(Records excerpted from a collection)
--*--

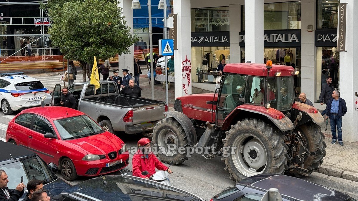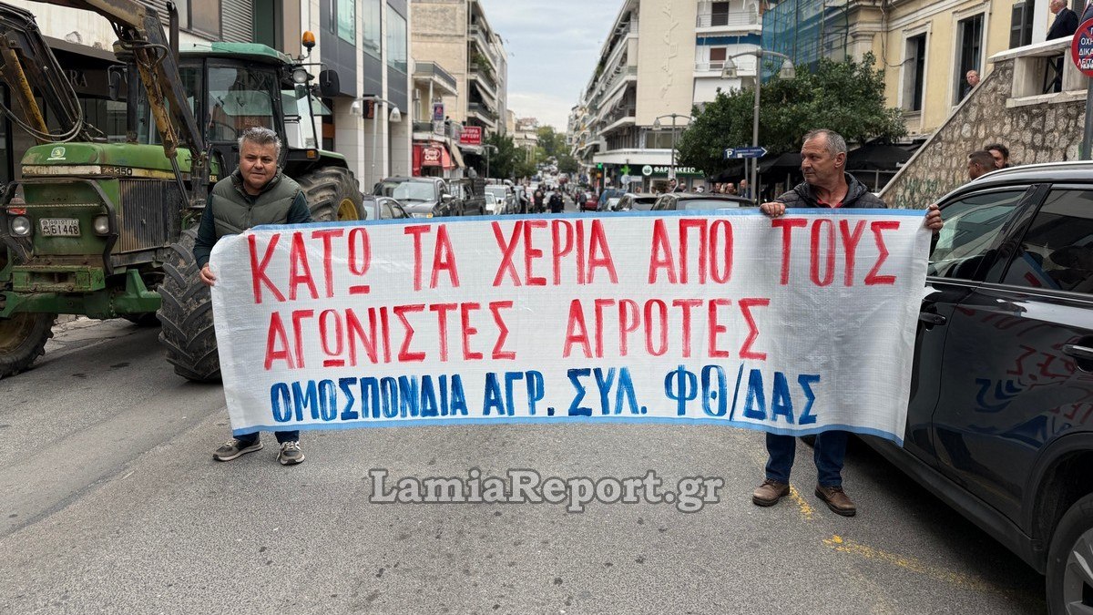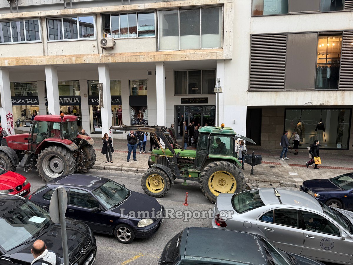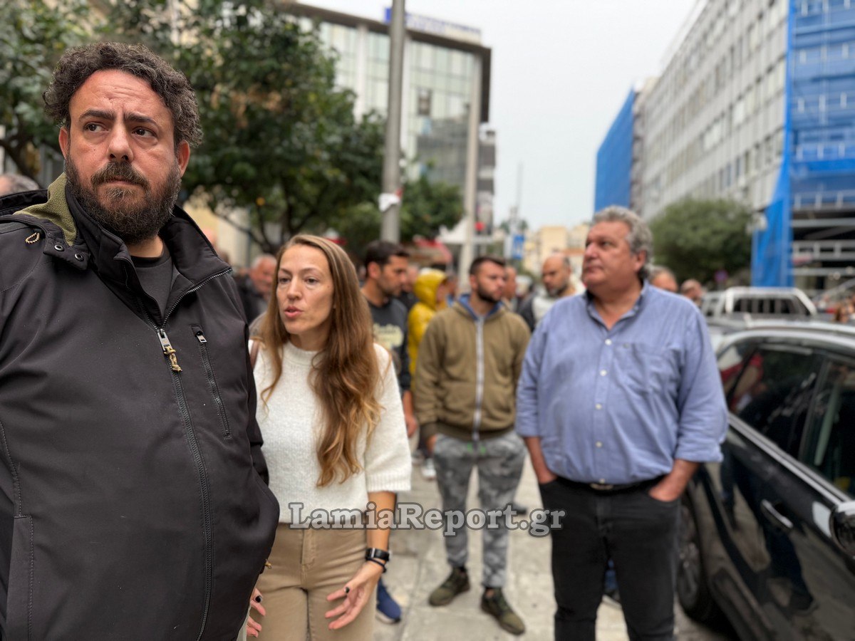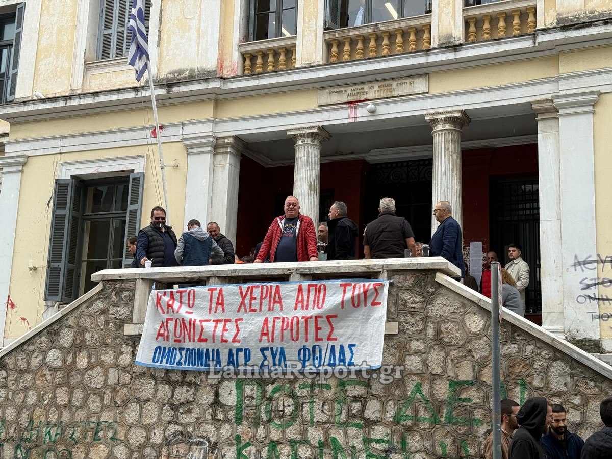Εκεί υπήρχε συγκεντρωμένο πλήθος από το Εργατικό Κέντρο Λαμίας και άλλα σωματεία που διαμαρτύρονται για την ποινικοποίηση των κινητοποιήσεων των ανθρώπων του πρωτογενούς τομέα.
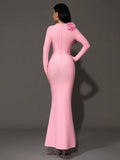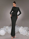 2025 Elegant Women's 3D Flower Decorative Bandage Dress O-neck Long Sleeve Bodycon Long Dress Cocktail Evening Party Vestidos
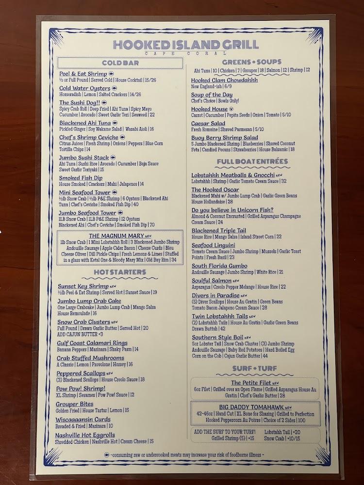 The menu at Hooked Island Grill is a seafood lover's paradise. Diners can savor specialties such as tacos de merou and gumbo with rich flavors that reflect the Gulf's bountiful offerings. Dishes like crab cakes and sliders are perfect for sharing. Drinks also shine with a variety of frozen cocktails. The happy hour makes indulging even better. Menu items cater to both adventurous and traditional tastes, providing plenty of options. With an inviting mix of appetizers, entrees, and desserts, every visit reveals delightful surprises.
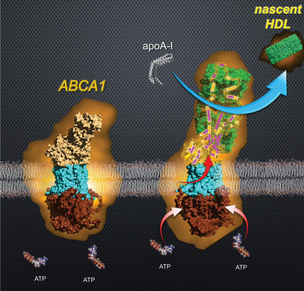 They saw that HDL generation is a much more complex process, in which ABCA1 transfers lipids into the ECD through the process of ATP hydrolysis, which releases the chemical energy stored in the bonds of ATP. The ECD temporarily grows a new structure to store a vast amount of lipids, which are then loaded en-masse onto apolipoprotein A-I (apoA-I). During this process, the ECD experiences a sudden and dynamic restructuring, losing about 30% of its volume. The loading of the lipids onto apoA-I produces the nascent HDLs.
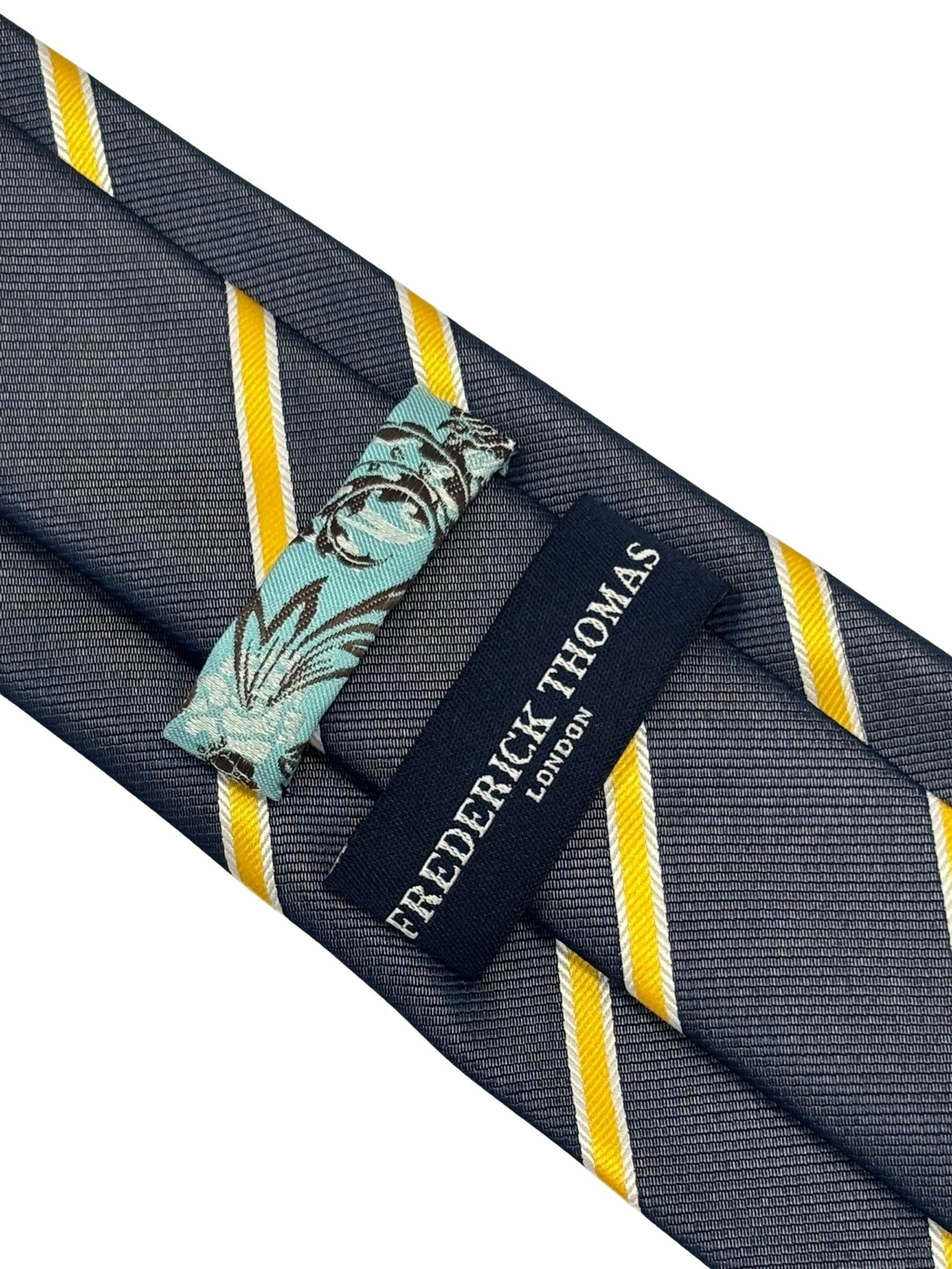 Frederick Thomas handmade midnight grey blue tie with yellow and fine white club stripe and signature floral design to the rear.
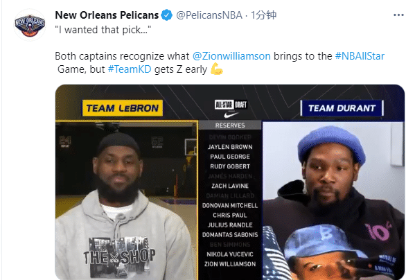选人过程中,詹姆斯坐在湖人训练馆,杜兰特则是斜躺沙发上,多次露出符合小帅气质的笑容;当詹姆斯选择西蒙斯时,杜兰特表示他想要西蒙斯,巧了,随后杜兰特选走锡安之火,詹姆斯略显遗憾:我想要选他的;两大队友都有点遗憾,要不要现场搞一波交易呢?没有,曾经詹姆斯在直播选人时交易韦少换来西蒙斯。

--*--

TASK TO COMPLETE
Set down every entry above without alteration, but print no images.

WORKED SOLUTION
Εκεί υπήρχε συγκεντρωμένο πλήθος από το Εργατικό Κέντρο Λαμίας και άλλα σωματεία που διαμαρτύρονται για την ποινικοποίηση των κινητοποιήσεων των ανθρώπων του πρωτογενούς τομέα.
 2025 Elegant Women's 3D Flower Decorative Bandage Dress O-neck Long Sleeve Bodycon Long Dress Cocktail Evening Party Vestidos
 The menu at Hooked Island Grill is a seafood lover's paradise. Diners can savor specialties such as tacos de merou and gumbo with rich flavors that reflect the Gulf's bountiful offerings. Dishes like crab cakes and sliders are perfect for sharing. Drinks also shine with a variety of frozen cocktails. The happy hour makes indulging even better. Menu items cater to both adventurous and traditional tastes, providing plenty of options. With an inviting mix of appetizers, entrees, and desserts, every visit reveals delightful surprises.
 They saw that HDL generation is a much more complex process, in which ABCA1 transfers lipids into the ECD through the process of ATP hydrolysis, which releases the chemical energy stored in the bonds of ATP. The ECD temporarily grows a new structure to store a vast amount of lipids, which are then loaded en-masse onto apolipoprotein A-I (apoA-I). During this process, the ECD experiences a sudden and dynamic restructuring, losing about 30% of its volume. The loading of the lipids onto apoA-I produces the nascent HDLs.
 Frederick Thomas handmade midnight grey blue tie with yellow and fine white club stripe and signature floral design to the rear.
选人过程中,詹姆斯坐在湖人训练馆,杜兰特则是斜躺沙发上,多次露出符合小帅气质的笑容;当詹姆斯选择西蒙斯时,杜兰特表示他想要西蒙斯,巧了,随后杜兰特选走锡安之火,詹姆斯略显遗憾:我想要选他的;两大队友都有点遗憾,要不要现场搞一波交易呢?没有,曾经詹姆斯在直播选人时交易韦少换来西蒙斯。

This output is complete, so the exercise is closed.